My bad. Would 'image' be a better term in the Linux world?
> The lack of a well-known function to do this query should tip > you off that it's not considered a normal thing to ask.
Agreed.
> If you're writing something like a debugger, fine. Otherwise, what's the > purpose of finding the in-memory copy of an ELF header? What are you > going to do with that information that you can't do without it?
FIPS integrity checks. Locating a particular section in memory is an early smoke test.
> The dynamic linker should fix up any pointers you need within your > address space. > Doing it manually is icky. (Oh, if you're writing a dynamic linker that's > fine too. An icky job!)
Agreed.
I thought I found the load address in struct r_debug::r_ldbase (from elf.h). But when I iterated the array of r_debugs, I found the base address for ld-linux.so.2.
Using dl_iterate_phdr(3), the first header returned to my callback from dl_iterate_phdr relates to my image's load address (the remaining headers appear to be SO's). Assuming 4KB pages, it can be found in the virtual address of dlpi_phdr:
I believe, with a high degree of certainty, the image is being loaded at 0x8048000: (gdb) print (char*) 0x8048000 $1 = 0x8048000 "\177ELF\001\001\001"
This begs two questions.
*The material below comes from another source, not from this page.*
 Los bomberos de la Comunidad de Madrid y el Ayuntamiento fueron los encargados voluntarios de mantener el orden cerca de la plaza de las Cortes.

First, is 0x8048000 (for x86) always the address base (or an address I can control from the linker)? Second, does dl_iterate_phdr(3) always return the image's base information on the *first* invocation of the callback.
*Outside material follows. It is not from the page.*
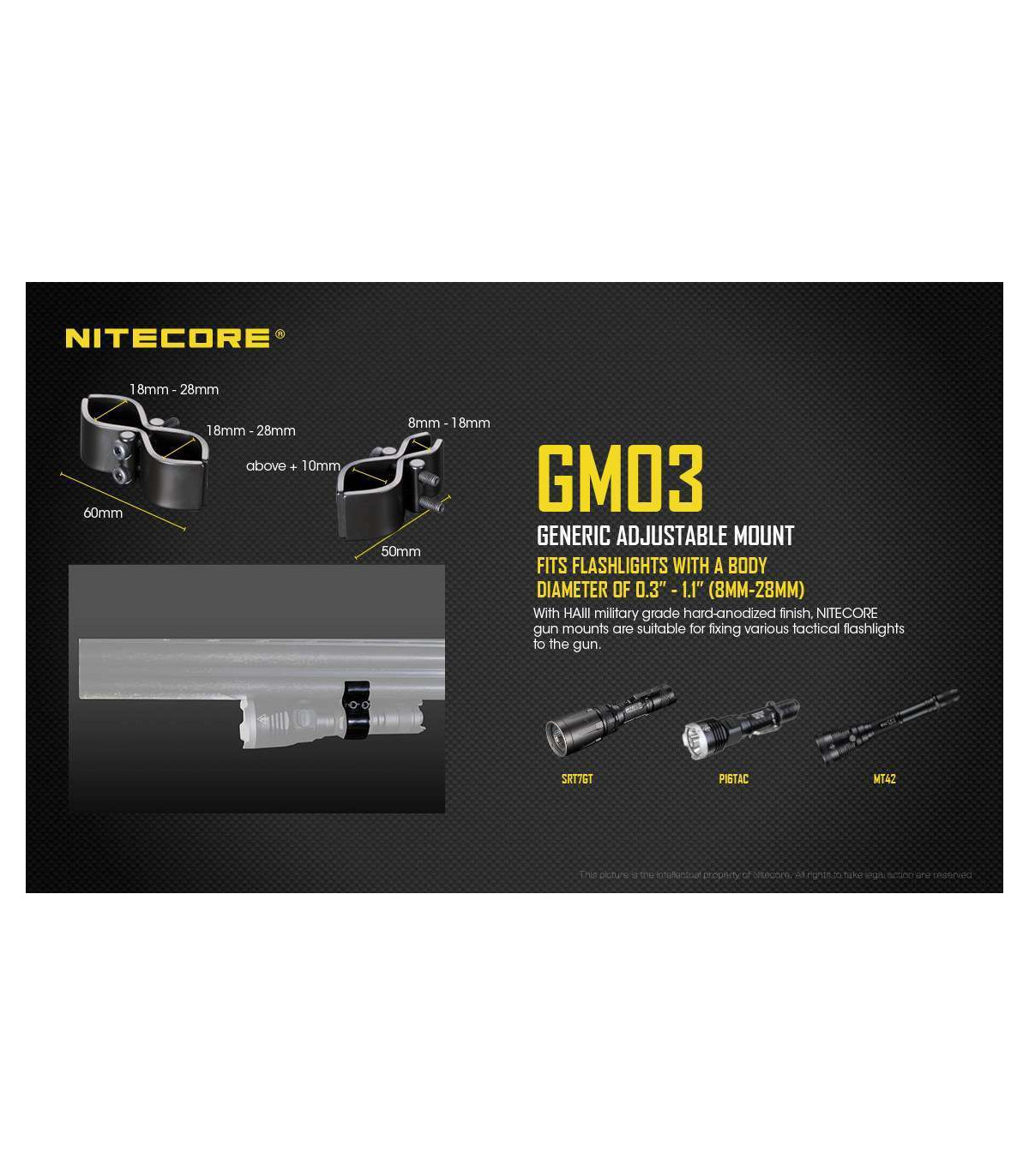 The GM03 is a versatile gun mount for Nitecore lights, adjustable with allen key.

In article <d9c7a43a-46aa-45cd-98f4-059f5bd6c...@m35g2000vbi.googlegroups.com>, Jeffrey Walton <noloa...@gmail.com> wrote:
>Hi Alan,
>On Nov 7, 5:44 pm, pac...@kosh.dhis.org (Alan Curry) wrote: >> In article ><e5661e7b-0927-4cda-b1e9-652274633...@t18g2000vbj.googlegroups.com>, >> Jeffrey Walton <noloa...@gmail.com> wrote:
>> >Everything I've found on the web is kernel-centric [1,2], and Stevens
>> That's because you're using the word "module" in a foreign way. We don't use >> it that way. Here, "module" means kernel module 99.44% of the time. >My bad. Would 'image' be a better term in the Linux world?
I'm not sure what the definition of "module" is where you come from so I can't translate it. It seems to include "main executable" and "shared library" as subcases.
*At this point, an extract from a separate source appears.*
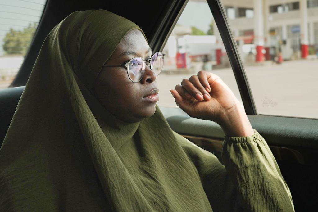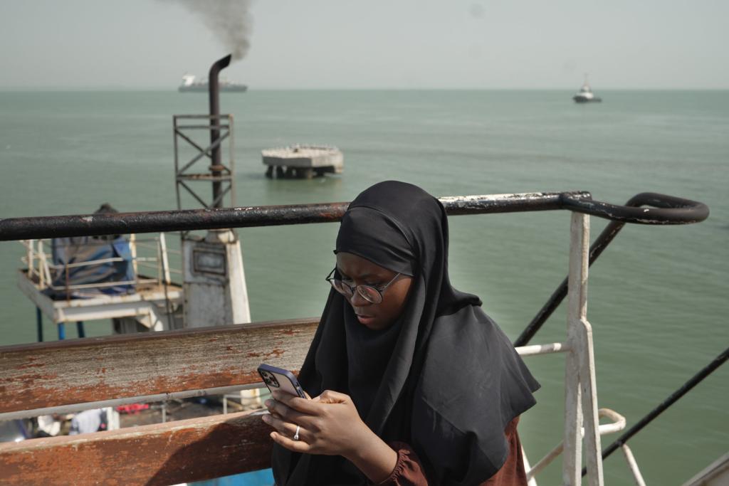 Fatoumatta Sandeng im Auto unterwegs in Serekunda, Gambia, im Dezember 2023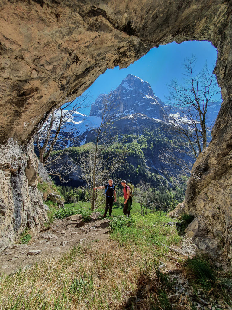 Die imposante Eingangsöffnung zur Brächbalm mit Blick gegen den Titlis.

>Using dl_iterate_phdr(3), the first header returned to my callback
Oh you found a nice function to do the query after all.
>I believe, with a high degree of certainty, the image is being loaded >at 0x8048000: >(gdb) print (char*) 0x8048000 >$1 = 0x8048000 "\177ELF\001\001\001"
>This begs two questions. First, is 0x8048000 (for x86) always the >address base (or an address I can control from the linker)? Second, >does dl_iterate_phdr(3) always return the image's base information on >the *first* invocation of the callback.
0x8048000 has been the default for a while. Other archs do have different defaults. I only vaguely remember the time when it used to be something different on i386 (0x8000000 with libc5? pre-ELF it was either 0 or 0x1000 depending on linker options). You can override it when linking your program, but as long as the program isn't rebuilt, the main executable will load at the same address every time. Shared libraries can move around between invocations (are position-independent), but the main program body won't.
readelf -l or objdump -p can show you where the program's segments will be mapped. The interesting ones are the ones marked LOAD.
As for the behavior of dl_iterate_phdr, I didn't know it existed so I'm not going to guess.
> In article <d9c7a43a-46aa-45cd-98f4-059f5bd6c...@m35g2000vbi.googlegroups.com>, > Jeffrey Walton <noloa...@gmail.com> wrote:
> [SNIP]
> >This begs two questions. First, is 0x8048000 (for x86) always the > >address base (or an address I can control from the linker)? Second, > >does dl_iterate_phdr(3) always return the image's base information on > >the *first* invocation of the callback.
> 0x8048000 has been the default for a while. Other archs do have different > defaults. I only vaguely remember the time when it used to be something > different on i386 (0x8000000 with libc5? pre-ELF it was either 0 or 0x1000 > depending on linker options). You can override it when linking your program, > but as long as the program isn't rebuilt, the main executable will load at > the same address every time. Shared libraries can move around between > invocations (are position-independent), but the main program body won't.
> readelf -l or objdump -p can show you where the program's segments will be > mapped. The interesting ones are the ones marked LOAD.
Lots of objdump and readelf seemed to the trick. You're right about LOAD - and I also needed flags = PF_R|PF_X to separate the code from the data segment.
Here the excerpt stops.